ErrorInfo is required because it further identifies an error. With only approximately twenty available values for Status.status, it is difficult to disambiguate one error from another across an entire API Service.

Also, error messages often contain dynamic segments that express variable information, so there needs to be machine-readable component of every error response that enables clients to use such information programmatically.

Including LocalizedMessage

LocalizedMessage was selected as the location to present alternate error messages. While LocalizedMessage may use a locale specified in the request, a service may provide a LocalizedMessage even without a user-specified locale, typically to provide a better error message in situations where Status.message cannot be changed. Where the locale is not specified by the user, it should be en-US (US English).

A service may include LocalizedMessage even when the same message is provided in Status.message and when localization into a user-specified locale is not supported. Reasons for this include:

  • An intention to support user-specified localization in the near future, allowing clients to consistently use LocalizedMessage and not change their error-reporting code when the functionality is introduced.
  • Consistency across all RPCs within a service: if some RPCs include LocalizedMessage and some only use Status.message for error messages, clients have to be aware of which RPCs will do what, or implement a fall-back mechanism. Providing LocalizedMessage on all RPCs allows simple and consistent client code to be written.

Updating Status.message

If a client has ever observed an error with Status.message populated (which it always will be) but without ErrorInfo, the developer of that client may well have had to resort to parsing Status.message in order to find out information beyond just what Status.code conveys. That information may be found by matching specific text (e.g. "Connection closed with unknown cause") or by parsing the message to find out metadata values (e.g. a region with insufficient resources). At that point, Status.message is implicitly part of the API contract, so must not be updated - that would be a breaking change. This is one reason for introducing LocalizedMessage into the Status.details.

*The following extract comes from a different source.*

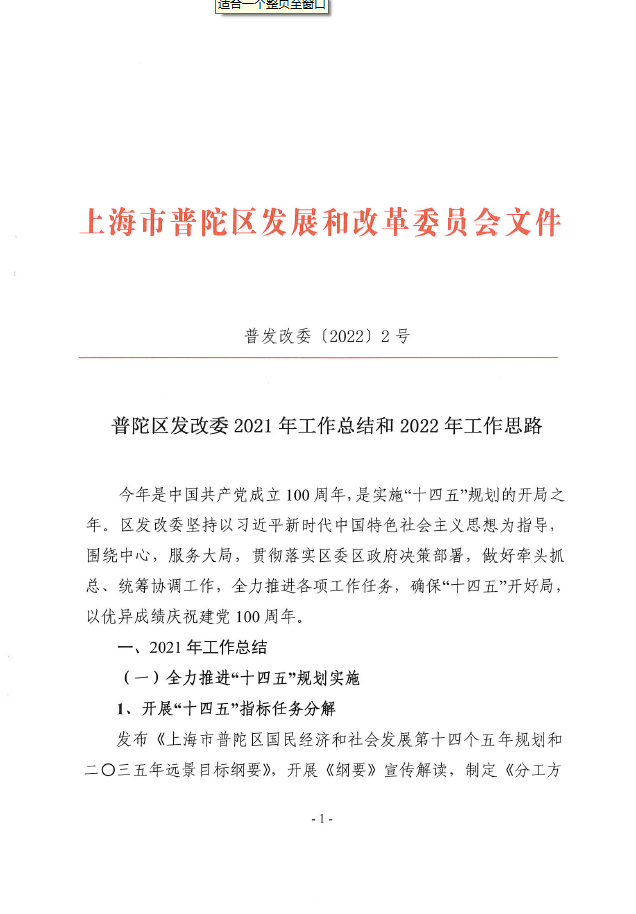 普陀区发改委2021年工作总结和2022年工作思路

RPCs which have always included ErrorInfo are in a better position: the contract is then more about the stability of ErrorInfo for any given error. The reason and domain need to be consistent over time, and the metadata provided for any given (reason,domain) can only be expanded. It's still possible that clients could be parsing Status.message instead of using ErrorInfo, but they will always have had a more robust option available to them.

Further reading

  • For which error codes to retry, see AIP-194.
  • For how to retry errors in client libraries, see AIP-4221.

Changelog

  • 2024-10-18: Rewrite/restructure for clarity.
  • 2024-01-10: Incorporate guidance for writing effective messages.
  • 2023-05-17: Change the recommended language for Status.message to be the service's native language rather than English.
  • 2023-05-17: Specify requirements for changing error messages.
  • 2023-05-10: Require ErrorInfo for all error responses.
  • 2023-05-04: Require uniqueness by message type for error details.
  • 2022-11-04: Added guidance around PERMISSION_DENIED errors previously found in other AIPs.
  • 2022-08-12: Reworded/Simplified intro to add clarity to the intent.
  • 2020-01-22: Added a reference to the ErrorInfo message.
  • 2019-10-14: Added guidance restricting error message mutability to if there is a machine-readable identifier present.
  • 2019-09-23: Added guidance about error message strings being able to change.